Based out of Cincinnati, Ohio, Mol Sullivan appeared on these pages just last month around the release of her excellent single, Eggshells. The track was the first taster of Mol’s upcoming album, GOOSE, a record she describes as, a “long exposure photograph” of fifteen years of songwriting. While the album won’t arrive until the start of January, today Mol is premiering the latest track to be taken from it, Still Tryin’.

Discussing Still Tryin’, Mol suggests the track picks up one of the major influences on her debut album, her sobriety from alcohol since the Spring of 2018. The track serves as something of a transition, the sun-dappled happiness of a newfound, alcohol-free headspace, peppered with just a hint of the shadows of past doubt and self-reproachment, “I was a chicken shit, couldn’t even go a day, all of your peaches, just beyond reachin’, the pink-lit sky turns to grey”. That sense of impermanence runs throughout the track, that feeling that everything good came from something bad, and could go back there in an instant, “one last cigarette, and I’m out of here, a flicker of red decay. Tell me one more joke, I’ll still smile if I can, and be your personal ashtray”.

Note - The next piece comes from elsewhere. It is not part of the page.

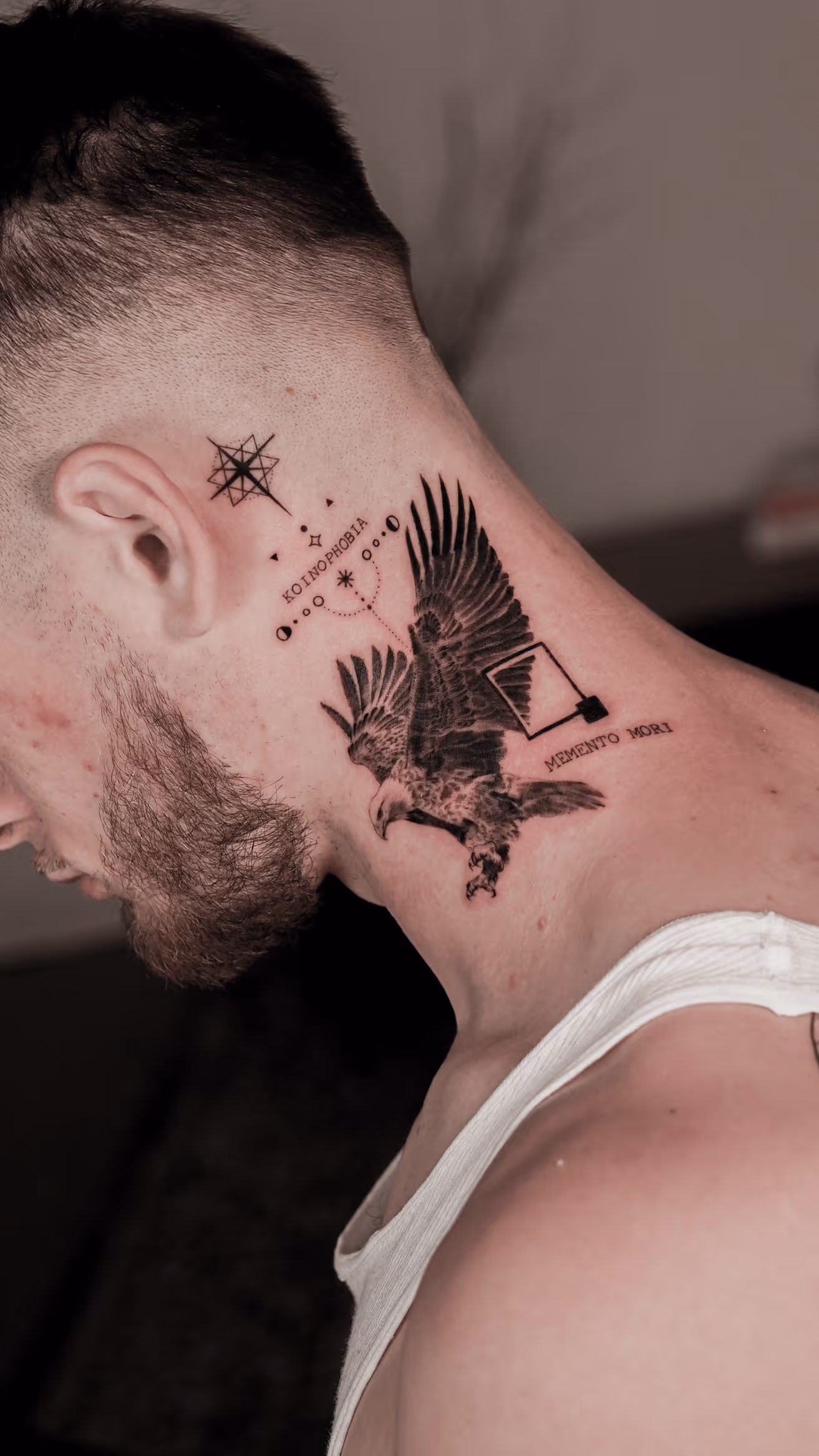The neck is a bold, high-visibility spot—perfect for collectors who want to wear their story out loud. While once considered “edgy,” neck tattoos today are increasingly embraced by creatives and professionals alike.

Musically, the track is a delightfully woozy affair, recalling the likes of Katy Kirby or Lomelda, as Mol’s unhurried vocals are accompanied by slow-moving slacker-tinged guitars and the slow progress of the rhythm section, which wades forward despite the resistance, like a spoon through golden syrup. It gives the track a wonderfully unhurried quality, the audio equivalent of a lazy Sunday afternoon as if it’s got nowhere to be and no one to see. The opening track on GOOSE, Still Tryin’ seems like a wonderful scene setter for the album to follow, a swirling storm of ideas and emotions, it feels beautiful yet also fragile, a balloon ready to burst and spill out messy, brilliant humanity.